It's not exactly a trivial point - it supports my larger point by showing a history of unintentional discrimination within D&D specifically (unless, I suppose, one wants to argue that this was intentional, I guess?). It was both not really the intent of these well-meaning writers, but also still the effect. It wasn't conscious.
This makes an important point: you can have effects that are bigoted without actually being aggressively bigoted yourself.
That's important because it's counter-intuitive. It's easy for us to presume that, you know, if we didn't mean to offend anyone, than anyone who gets offended is pretty much over-reacting by definition. It's not like TSR meant to be racist, but someone who rolls their eyes at that paragraph and says, "yeah, that's actually kind of racist, guys" is still right.
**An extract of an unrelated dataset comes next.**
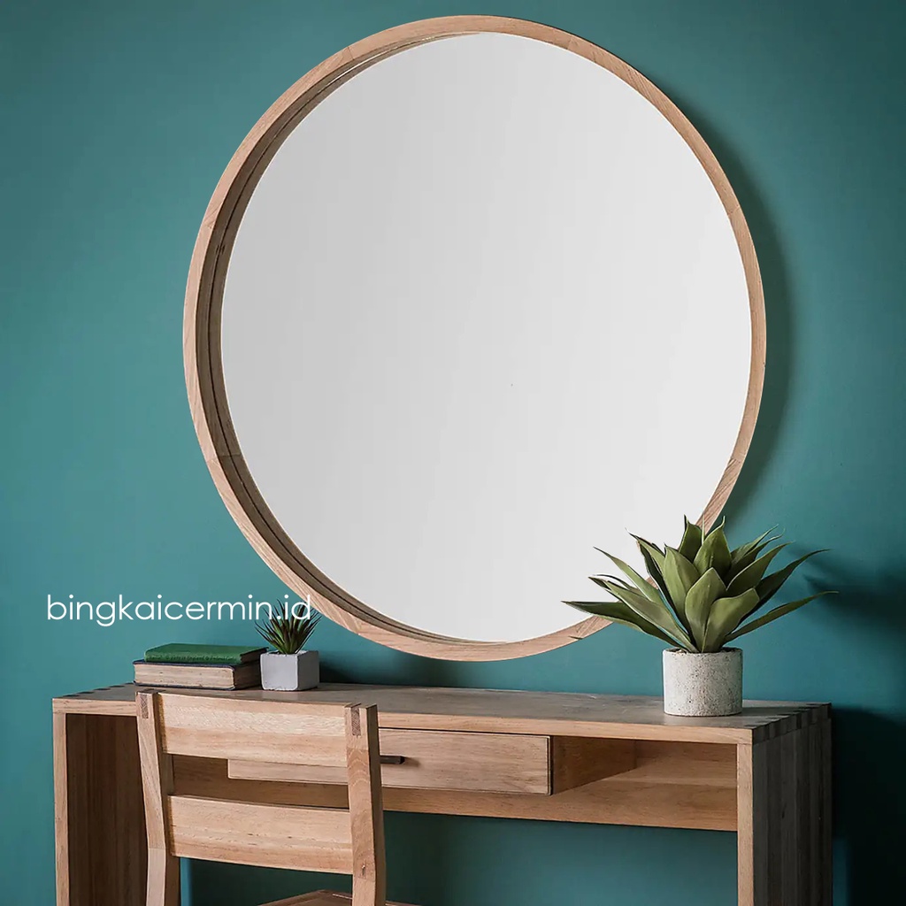 Round Mirror D100 Cermin Bulat Gantung Cermin Bulat Kayu Cermin Bulat Aesthetic Ruang Tamu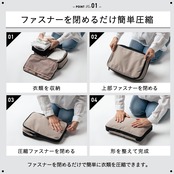 【簡単ファスナー圧縮】ファスナーで閉めるだけで大きさを約1/2に圧縮。 スーツケースの中身がスッキリ・コンパクトに収納できます。

It doesn't mean that TSR was being staffed by KKK members out of Lake Geneva, but the fact that it wasn't meant to be offensive doesn't change the fact that it kind of is.
That's worth mentioning often in part BECAUSE it's counter-intuitive - it's something easy to forget. If it's something that happens to TSR circa 1989, it's also something that probably happens to people today in some way (even if not in the same way).
I was using it to illustrate the point that we can transform the often-kind-of-repugnant fantasy that we cull from as source material into something that is better than its source material in that respect, and one of the ways we can do that is by telling stories that feature things that would've been unthinkable in 1989 or 1919 or 1890 or earlier - things like black PC's. Or a tragic lesbian love-triangle. Or some random gay commoner. It runs counter to the argument that "this doesn't come up in D&D" by saying that sometimes having it come up in D&D is absolutely what you WANT.
It also serves to illustrate a point about vigilance: if you can cause discriminatory effects without holding an ounce of discrimination in your heart, it's important to keep an eye out for when that happens, and it's important to be able to correct yourself when you've done something a little bit awful, even if you didn't mean to, because you want the effects of your actions to line up with your intent.
An explicit policy of inclusion like WotC's or the OP's can serve to enhance that vigilance.
So pointing out that D&D was sometimes a bit awful about these things in the past is in part a call to learn from that history, so we don't repeat its mistakes and arrogantly presume that if we don't mean for it to be offensive, then it shouldn't be taken to be offensive. It's also in part showing that we aren't tethered to the past for our new stories - that it "not coming up in D&D" might be part of why you MAKE it come up in D&D, because there's awesome new tales to be told and adventures to be had when you look at D&D through that lens.